A Brazilian federal prosecutor filed criminal charges on Wednesday against Chevron and drill-rig operator Transocean for a November oil spill, raising the stakes in a legal saga that has added to Chevron’s woes in Latin America and could slow Brazil’s offshore oil boom.
 The prosecutor also filed criminal charges against 17 local executives and employees at Chevron and Transocean, owner of the world’s largest oil rig fleet. Among the defendants is George Buck, 46, a U.S. national in charge of Chevron’s operations in Brazil.
The prosecutor said: “The spilling of oil affected the entire maritime ecosystem, possibly pushing some species to extinction, and caused impacts on economic activity in the region. The employees of Chevron and Transocean caused a contamination time bomb of prolonged effect.”
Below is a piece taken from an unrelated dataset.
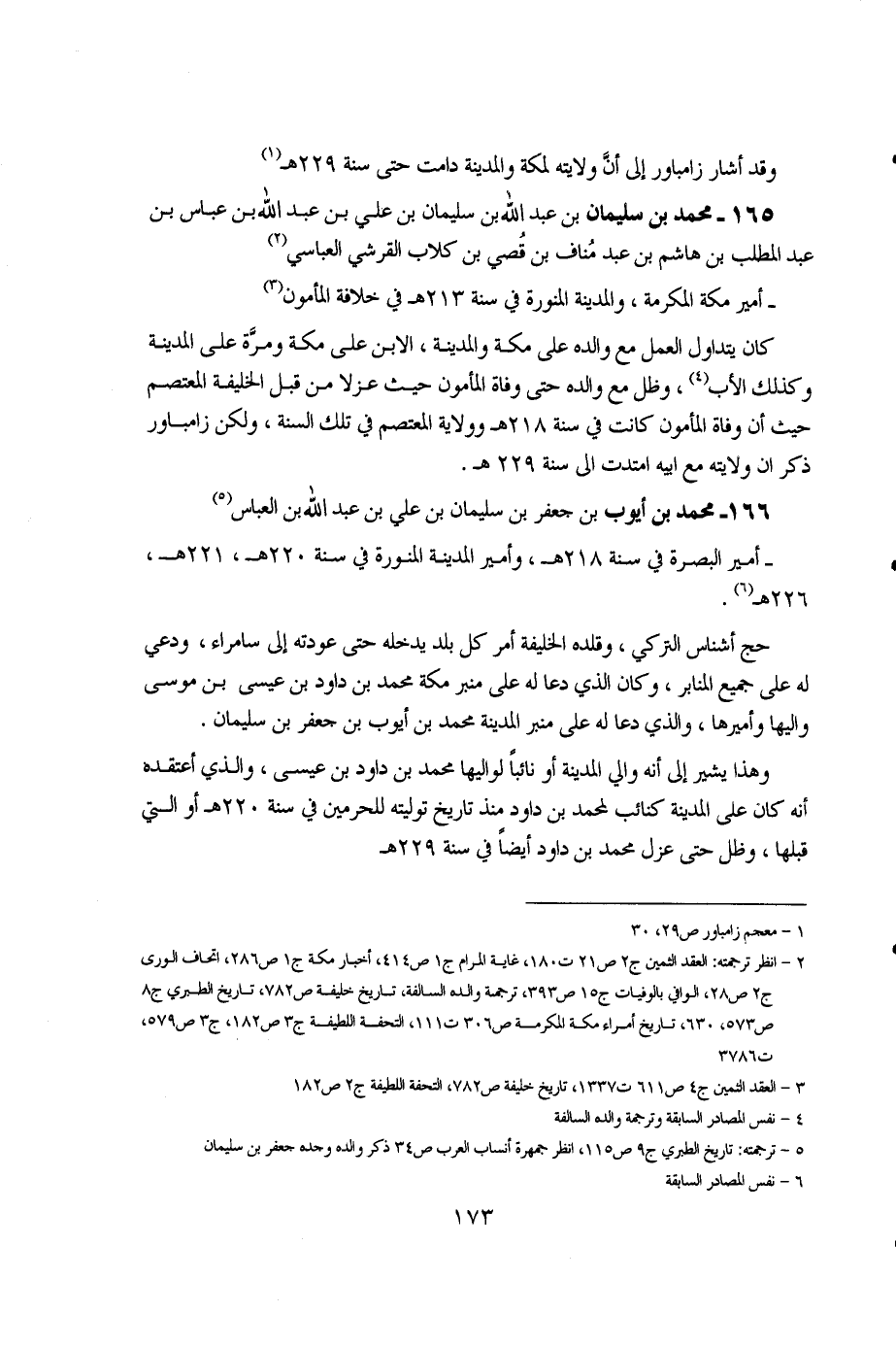 1 - معجم زامباور ص29، 30. 2 - انظر ترجمته: العقد الثمين ج2 ص21 ت180، غاية المرام ج1 ص414، أخبار مكة ج1 ص286، اتحاف الورى ج2 ص28، الوافي بالوفيات ج15 ص393، ترجمة والده السالفة، تاريخ خليفة ص782، تاريخ الطبري ج8 ص573، 630، تاريخ أمراء مكة المكرمة ص306 ت111، التحفة اللطيفة ج3 ص182، ص579، ت3786. 3 - العقد الثمين ج4 ص611 ت1337، تاريخ خليفة ص782، التحفة اللطيفة ج2 ص182. 4 - نفس المصادر السابقة وترجمة والده السالفة. 5 - ترجمته: تاريخ الطبري ج9 ص115، انظر جمهرة أنساب العرب ص34 ذكر والده وجده جعفر بن سليمان. 6 - نفس المصادر السابقة.

The charges stem from a 3,000-barrel leak in the Frade field, about 120 km (75 miles) off the coast of Rio de Janeiro state. They include: failure to realize protocols to contain the leak; failure to take steps to kill the well and stop the drilling process; breach of licenses, legal norms and regulation, including altering documents; and failure to meet legal and contractual duties.
So, an American faces criminal charges overseas for an oil spill of 3,000 barrels. Remember the BP Gulf Oil Spill? The Deepwater Horizon spill gushed out nearly 5 million barrels before it was contained. Nobody was charged criminally. The United States must import oil. Brazil is energy independent and they are a net exporter of oil, and that was before they found enormous reserves off the coast of Rio de Janeiro; reserves that rival Saudi Arabia. Brazil is an important ally. They have a nationalized oil company, Petrobras. The Brazilians don’t put up with any stupidity from an oil company. And the lesson we’ve learned today?
Don’t mess with Brazilians’ beaches.